Sunday, November 29, 2009

The Gift of Disillusionment

Dietrich Bonhoeffer wisely warns that the "greatest danger" of Christian community is idealism. We cannot help, and myself most of all, entering each church community with a host of wishful ideas. We bring agendas, priorities, our own reading of the biblical text and very quickly run smack into the wall of "divine reality", the church as it really is.

Bonhoeffer posits in Life Together that the next most important step for us in a true church setting is disillusionment: "we must be overwhelmed by a great disillusionment with others, with Christians in general, and, if we are fortunate, with ourselves. By sheer grace, God will not permit us to live even for a brief period in our dream world".

Far from resulting in static, lifeless communities, true disillusionment with our ideals tills the hard ground of pride and pretense to make way for good fruit. First, we receive our local community as we ought, with thanksgiving. Second, "the very hour of disillusionment with my brother becomes incomparably salutary, because it so thoroughly teaches me that neither of us can ever live by our own words and deeds, but only by that one Word and Deed which really binds us together - the forgiveness of sins in Jesus Christ". Third, we cease hindering God with our petty complaints of disappointment and allow him to grow our fellowship "according to the measure and riches which are there for us all in Jesus Christ".

"He who loves his dream of a community more than the Christian community itself becomes a destroyer of the latter."

Tuesday, November 17, 2009

Blacks and Whites

A front page article of the New York Times today reported "A Racial Divide is Bridged by Recession". Remarkably a suburb of Atlanta is experiencing the easing of once sharp racial tensions as whites and blacks mingle in welfare offices and food banks. The article contends, "nothing else has worked to remove barriers as quickly as economic hardship". Blessed be the tie that binds.

Christians take note - rubbing racial shoulders is still newsworthy! We're not even talking about whites and blacks liking each other. All they have to do is cordially share a waiting room and the Times will slot that phenomenon next to Obama's China tour as front page material. I guess those (white) people who think race doesn't matter in America probably aren't selling newspapers.

Ephesians 2 is vehemently pointed in its vision for race in religious life. On our best days, we as the church understand the first half of the chapter - Jesus' death and resurrection achieves vertical reconciliation. But we rarely venture into the latter half - Jesus' death and resurrection achieves horizontal reconciliation. In other words, 2.5% of American churches can be considered racially diverse.

In reality, a vision for blacks and whites outside the gospel can scarcely hope to achieve more than a waiting room reconciliation. Only the gospel grounds a fellow citizenship, a dwelling place for God made up of the awkward, uncomfortable, self-sacrificing joining of all races.
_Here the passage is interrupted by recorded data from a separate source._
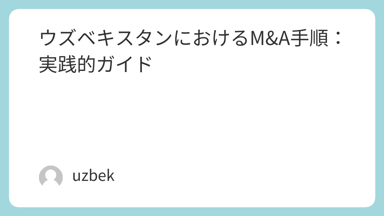 ウズベキスタンでのM&A(合併・買収)プロセスは、国際的な標準的な手順と類似していますが、現地特有の法的要件や文化的な配慮が必要です。以下に、具体的な手順を詳細に説明します。
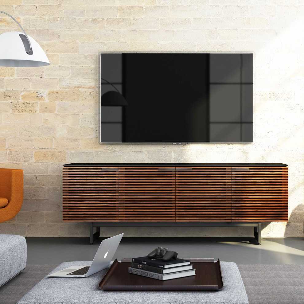 Тумбы стандарт, мини, средние по размерам и габаритные варианты – в продаже можно найти решение для телевизора любого размера и любой площади комнаты. Для плазменных ТВ с диагональю до 55 дюймов подойдут стандартные тумбы. Под большой ЖК телевизор нужно подбирать более габаритную мебель с широкой столешницей или отсеками для аппаратуры. Маленькая, низкая, но при этом широкая тумбочка из натуральных, экологически безопасных материалов подойдет для установки в детской комнате.
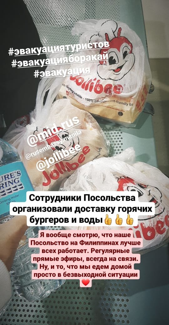 23 марта нас зарегистрировали на рейс с отправлением на 26 марта. Но на следующий день наш рейс отменили. Таким образом, у нас сгорело на этих бронях 60 тысяч рублей. И у нас осталась единственная возможность дождаться эвакуации, которую организует посольство МИД России. Они организовывают чартерные рейсы. Разумеется, не бесплатно. Туристам, улетевшим первым спецбортом с соседнего острова Себу, где скопилось около 500 российских туристов, удалось сбить цену с 500 до 100 евро с человека. По этому тарифу вывозят и нас. «Цены на транспортировку в Россию, которой займется авиакомпания «Якутия», будут такими же, как в случае с первым специальным бортом: 100 с человека, детский билет — 50», — подтвердили во время прямого эфира. В принципе, посольство работает очень хорошо. Каждый день проводят прямые эфиры с людьми, которые добавляются в группу на «Фейсбуке». И всегда рассказывают о новостях, о проделанной работе.

But I guess the Times makes much of racial hobnobbing in Henry County because they haven't found it anywhere else.

Monday, November 9, 2009

Flags and the Sanctuary

After Matthew Milner posted this on his blog recently, I felt my former patrio-iconoclasm decay a little.

The issue of flags in the sanctuary begs some interesting questions about how design influences worship. Millner's point is valid, that, perhaps, in placing our flag on the "altar" of our respective church we are not worshiping the flag, but creating a visible reminder that if we love our neighbor we ought to pray for our country. This helps me come to terms with my church praying for the queen and singing the Canadian national anthem (once).

But surely there are times when the flag does become an object of idolatry. Where is the line? Why is a little flag next to the cross a helpful reminder while a large American flag in many evangelical churches seems so different?

Soon I think I will argue that this is an issue of ecclesiology as much as aesthetics, but this is enough for now.